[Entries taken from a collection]

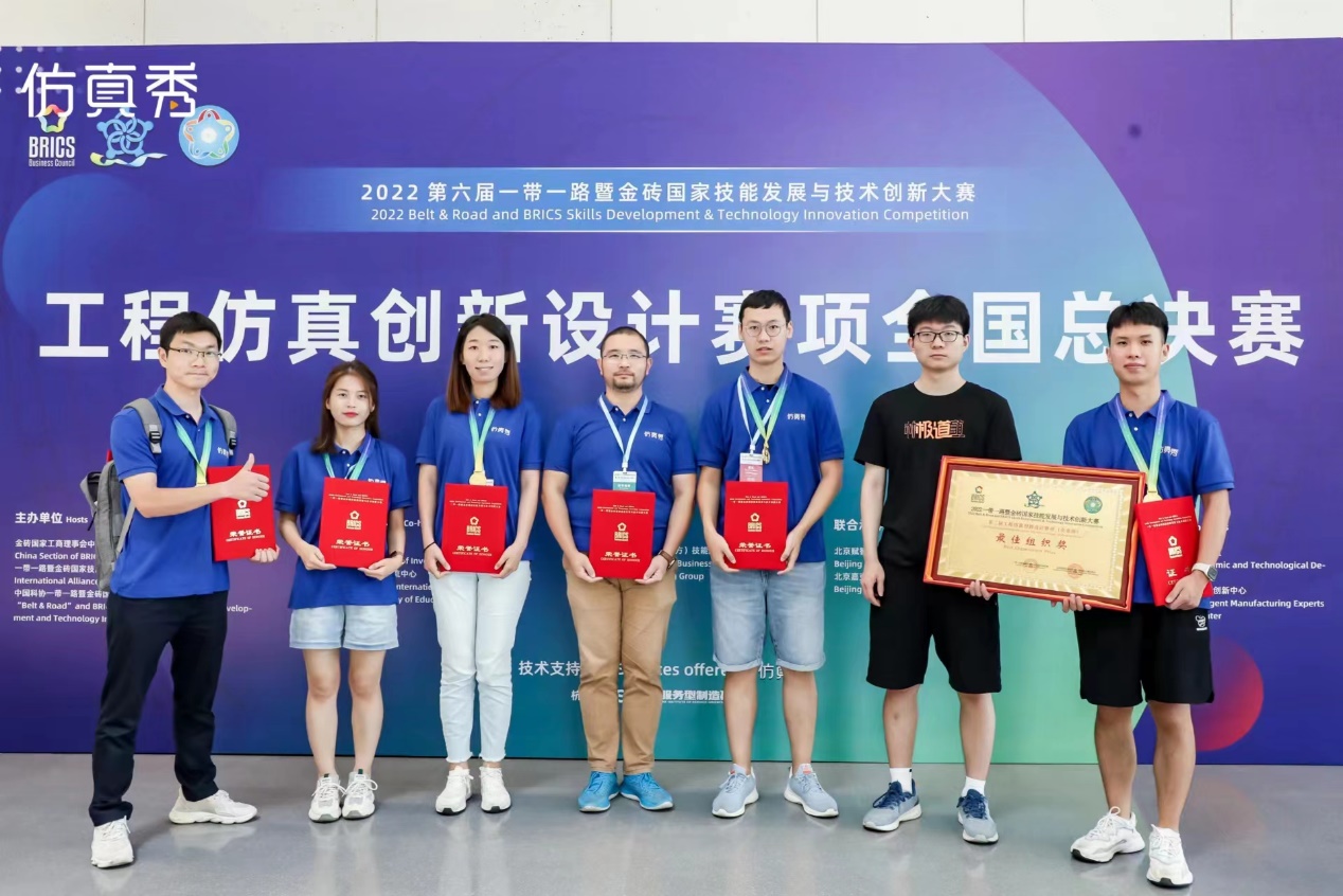 8月29日,2022一带一路暨金砖国家技能发展与技术创新大赛之工程仿真创新设计赛项全国总决赛在杭州闭幕。beat365官网土木与交通学院、先进计算方法应用中心主任张一鸣教授带领,由研究生李赟鹏、李婧、王雪雅、黄俊光、张瑞组成的团队,与北京极道成然科技有限公司技术人员成立校企合作团队,获全国一等奖。
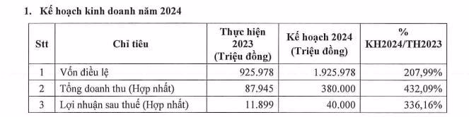 Năm 2024 doanh nghiệp sẽ tăng cường nghiên cứu thị trường, tìm kiếm cơ hội đầu tư, kinh doanh các sản phẩm phù hợp nhu cầu khách hàng. Bên cạnh đó, mở rộng phạm vi hoạt động ra các địa bàn trọng yếu như Bình Dương, Phan Thiết... nhằm đa dạng hoá danh mục đầu tư, hướng đến chu kỳ phát triển mới.
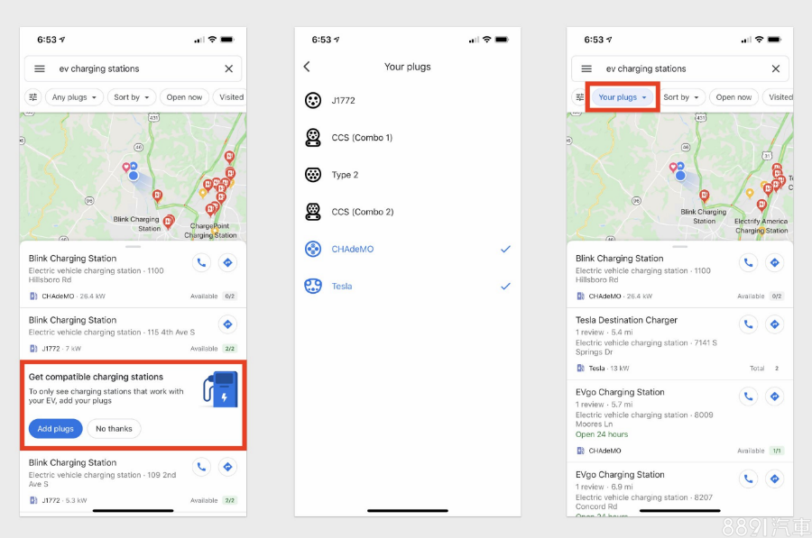 燃油車款基本上只要在地圖上搜尋加油站,去到任何一個加油地點都可以添加燃料,但對於電動車來說,即便有了充電站,其充電的規格不相容也是枉然,現在Google Maps為了將來廣大的電動車市場,在地圖當中除了可搜尋充電站之外,也增添了該站的充電樁接頭資訊,讓使用者可以快速瀏覽是否適合自己的車輛。
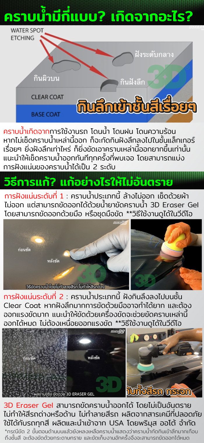 คราบน้ำติดรถ คราบน้ำฝังบนกระจกรถ ล้างไม่ออก คราบน้ำฝังแน่น มีวิธีแก้ไขง่ายๆ ด้วยน้ำยา 3D Eraser Gel นำเข้าจาก USA ไม่ทำให้สีรถด่าง ไม่เป็นอันตรายต่อสีรถ แนะนำว่าคราบน้ำฝนมีค่าความเป็กรด สามารถที่จะกัดกิน และฝังเป็นคราบบนสีรถหรือกระจกได้ เมื่อโดนความร้อน ดังนั้นเมื่อเจอคราบน้ำบนสีรถ แนะนำให้ขัดออกทันที อย่างไรก็ตามการเลือกใช้น้ำยามาขัดคราบน้ำต้องระวัง เพราะน้ำยาบางชนิดขัดคราบน้ำออก แต่อาจเป็นอันตรายต่อสีรถ ดังนั้นจึงควรเลือกน้ำยาที่ไม่เป็นอันตรายต่อสีรถ คราบน้ำมีการฝังแน่นหลายระดับ หากฝังแน่นกินลงไปในชั้นสีรถลึกแล้ว แนะนำให้ใช้กับเครื่องขัดสีรถจะช่วยให้ขัดได้ดียิ่งขึ้น น้ำยา 3D Eraser Gel ขวดใหญ่ 16oz (~500ml) สามารถใช้ได้ทั้งสีรถ กระจกรถยนต์ หลังคาแก้ว กระจกบ้าน กระจกห้องอาบน้ำ คราบน้ำในห้องน้ำ สามารถขัดเอาคราบน้ำออกได้โดยไม่เป็นอันตรายต่อพื้นผิววัสดุ
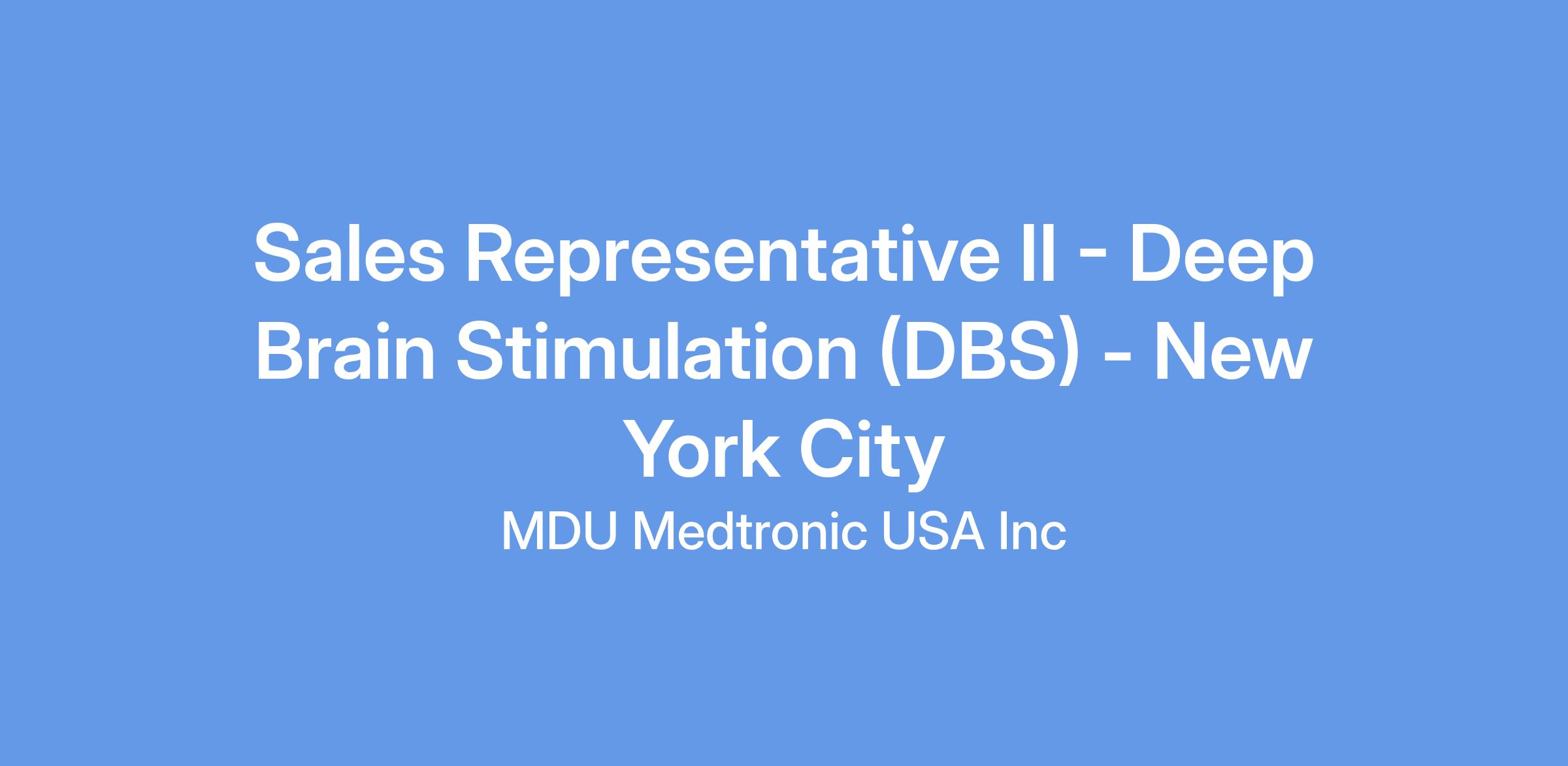 At Medtronic, the Sales Representative II, Deep Brain Stimulation will manage territory-based business and growth by initiating, supporting and developing strategic implanting centers and assisting in developing key referral networks. Act as primary account/implanter relationship contact for assigned territory’s customer needs including account level reimbursement responsibility. This position includes coordination of all support activities and development of sales partnerships with distribution alliances.

What you have to do: Please output every entry exactly as written, apart from the pictures.

Reply:
 8月29日,2022一带一路暨金砖国家技能发展与技术创新大赛之工程仿真创新设计赛项全国总决赛在杭州闭幕。beat365官网土木与交通学院、先进计算方法应用中心主任张一鸣教授带领,由研究生李赟鹏、李婧、王雪雅、黄俊光、张瑞组成的团队,与北京极道成然科技有限公司技术人员成立校企合作团队,获全国一等奖。
 Năm 2024 doanh nghiệp sẽ tăng cường nghiên cứu thị trường, tìm kiếm cơ hội đầu tư, kinh doanh các sản phẩm phù hợp nhu cầu khách hàng. Bên cạnh đó, mở rộng phạm vi hoạt động ra các địa bàn trọng yếu như Bình Dương, Phan Thiết... nhằm đa dạng hoá danh mục đầu tư, hướng đến chu kỳ phát triển mới.
 燃油車款基本上只要在地圖上搜尋加油站,去到任何一個加油地點都可以添加燃料,但對於電動車來說,即便有了充電站,其充電的規格不相容也是枉然,現在Google Maps為了將來廣大的電動車市場,在地圖當中除了可搜尋充電站之外,也增添了該站的充電樁接頭資訊,讓使用者可以快速瀏覽是否適合自己的車輛。
 คราบน้ำติดรถ คราบน้ำฝังบนกระจกรถ ล้างไม่ออก คราบน้ำฝังแน่น มีวิธีแก้ไขง่ายๆ ด้วยน้ำยา 3D Eraser Gel นำเข้าจาก USA ไม่ทำให้สีรถด่าง ไม่เป็นอันตรายต่อสีรถ แนะนำว่าคราบน้ำฝนมีค่าความเป็กรด สามารถที่จะกัดกิน และฝังเป็นคราบบนสีรถหรือกระจกได้ เมื่อโดนความร้อน ดังนั้นเมื่อเจอคราบน้ำบนสีรถ แนะนำให้ขัดออกทันที อย่างไรก็ตามการเลือกใช้น้ำยามาขัดคราบน้ำต้องระวัง เพราะน้ำยาบางชนิดขัดคราบน้ำออก แต่อาจเป็นอันตรายต่อสีรถ ดังนั้นจึงควรเลือกน้ำยาที่ไม่เป็นอันตรายต่อสีรถ คราบน้ำมีการฝังแน่นหลายระดับ หากฝังแน่นกินลงไปในชั้นสีรถลึกแล้ว แนะนำให้ใช้กับเครื่องขัดสีรถจะช่วยให้ขัดได้ดียิ่งขึ้น น้ำยา 3D Eraser Gel ขวดใหญ่ 16oz (~500ml) สามารถใช้ได้ทั้งสีรถ กระจกรถยนต์ หลังคาแก้ว กระจกบ้าน กระจกห้องอาบน้ำ คราบน้ำในห้องน้ำ สามารถขัดเอาคราบน้ำออกได้โดยไม่เป็นอันตรายต่อพื้นผิววัสดุ
 At Medtronic, the Sales Representative II, Deep Brain Stimulation will manage territory-based business and growth by initiating, supporting and developing strategic implanting centers and assisting in developing key referral networks. Act as primary account/implanter relationship contact for assigned territory’s customer needs including account level reimbursement responsibility. This position includes coordination of all support activities and development of sales partnerships with distribution alliances.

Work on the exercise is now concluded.